Using JFR both with ZGC degrades application throughput

Tue Jan 13 10:06:07 UTC 2026

Hi,

On 13.01.26 05:36, Fabrice Bibonne wrote:
> Thank you for your advise, I just give a few precisions in a few lines  :
> 
> * for `-XX:+UseCompressedOops`, I must admit I do not know this option : 
> I add it because JDK Mission control warned me about it in "Automated 
> analysis result" after a fisrt try (<<Compressed Oops is turned off 
> [...].Use the JVM argument '-XX:+UseCompressedOops' to enable this 
> feature>>)

Maybe JMC should not provide this hint for ZGC then (not directed 
towards you).

> 
> * it is true that application waste time in GC pauses (46,6% of time 
> with G1) : I wanted an example app which uses GC a lot. Maybe this is a 
> little too much compared to real apps (even if for some of them, we may 
> wonder...).

What I am saying is that while the results are as they are for you, I 
suspect that the result is not representative for G1 as it exercises a 
pathology that could (and unfortunately must if it is really the case) 
be resolved by a single command line switch by the user.

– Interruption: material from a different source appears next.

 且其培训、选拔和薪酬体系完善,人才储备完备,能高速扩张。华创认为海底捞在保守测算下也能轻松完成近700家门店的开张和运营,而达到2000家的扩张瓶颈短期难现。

The G1 GC algorithm would need prior knowledge of the application it is 
running to automatically resolve this.

Having had a look at G1 behavior, the reason for the low performance is 
likely due to heap sizing heuristics issues, G1 does not expand the heap 
as aggressively as ZGC.

The upside obviously is that it uses (much) less memory. ;)

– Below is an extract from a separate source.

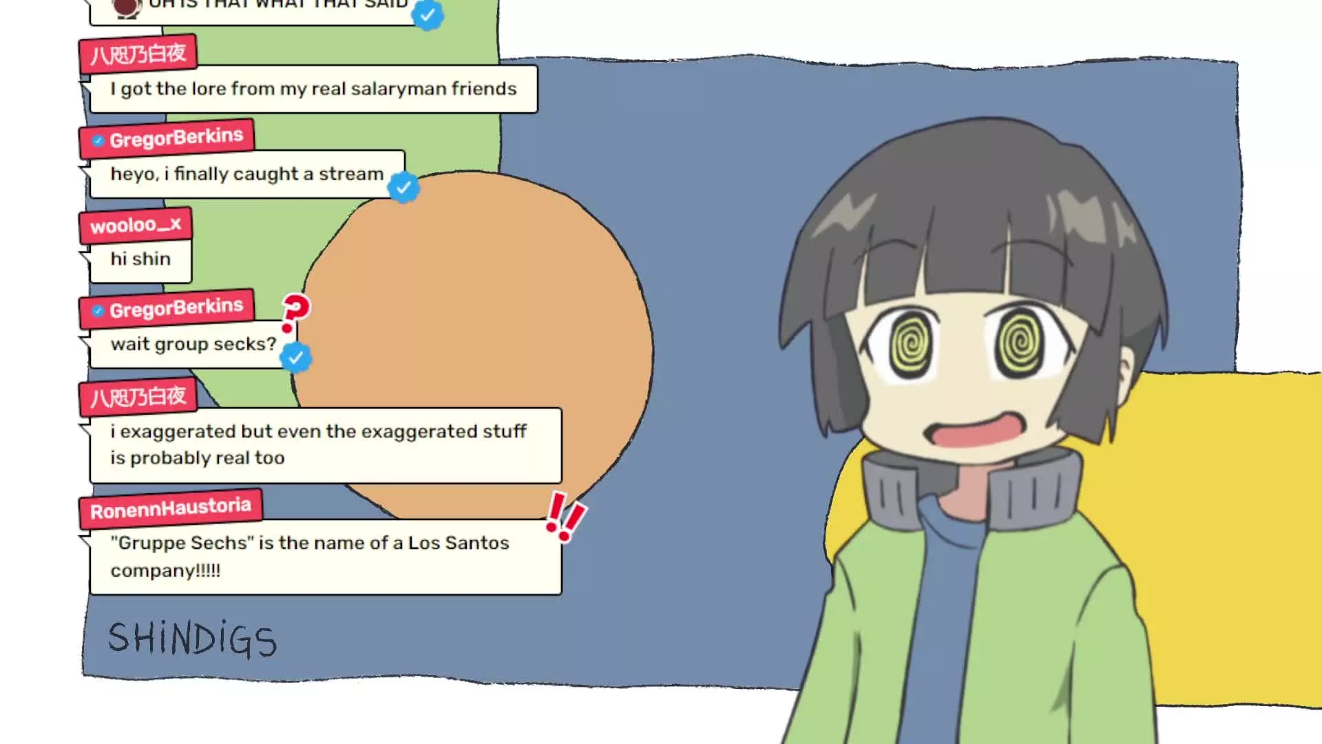 Start an immersive 1‑on‑1 Roleplay with Shindigs on Emochi. Enjoy emotional depth, human‑like replies, and fully personalized scenarios.

More technical explanation:

* in presence of full collection ([0], in the process of being fixed 
right now), G1 does not expand the heap, running with maybe half of what 
ZGC uses. This is due to the behavior of the application.

* even if fixing the bug via some command line options 
(-XX:MaxHeapFreeRatio=100), the short runtime of the application (i.e. 
even with that fix applied, it takes to long to get to the same heap 
size as ZGC for reasons we can discuss if you want.

* the mentioned issue with the large objects, i.e. G1 wasting too much 
memory also contributes.

Interestingly, I only observed this on slower systems, these issues do 
not show on faster ones, e.g. on some x64 workstation (limited to 10 
threads). On that workstation, G1 is 2x faster than ZGC with the 
settings you gave already. However on some smallish Aarch64 VM it is 
around the same performance (slightly slower). This is probably what you 
are seeing on your laptop (which may also experience aggressive 
throttling without precautions).

TL;DR: If you set minimum heap size, and region size, G1 is 2x faster 
than ZGC (with -Xms4g -Xmx4g -XX:G1HeapRegionSize=8m) on that slower 
aarch64 machine too here.

(Fwiw, for maximum throughput we recommend to set minimum and maximum 
heap size to the same value irrespective of the garbage collector, see 
the recommendations in our performance guide [1]. It also describes the 
issue with humongous objects. We are working on improving both issues 
right now).

Another observation is that with ZGC, although overall throughput is 
faster than with G1 in your original example, its allocation stalls are 
in the range of hundreds of milliseconds, while G1 pauses are at most at 
50ms. So the "experience" with that original web app may be better with 
G1 even if it is slower overall :P (We do not recommend running latency 
oriented programs at that cpu load level either way, but just noticing).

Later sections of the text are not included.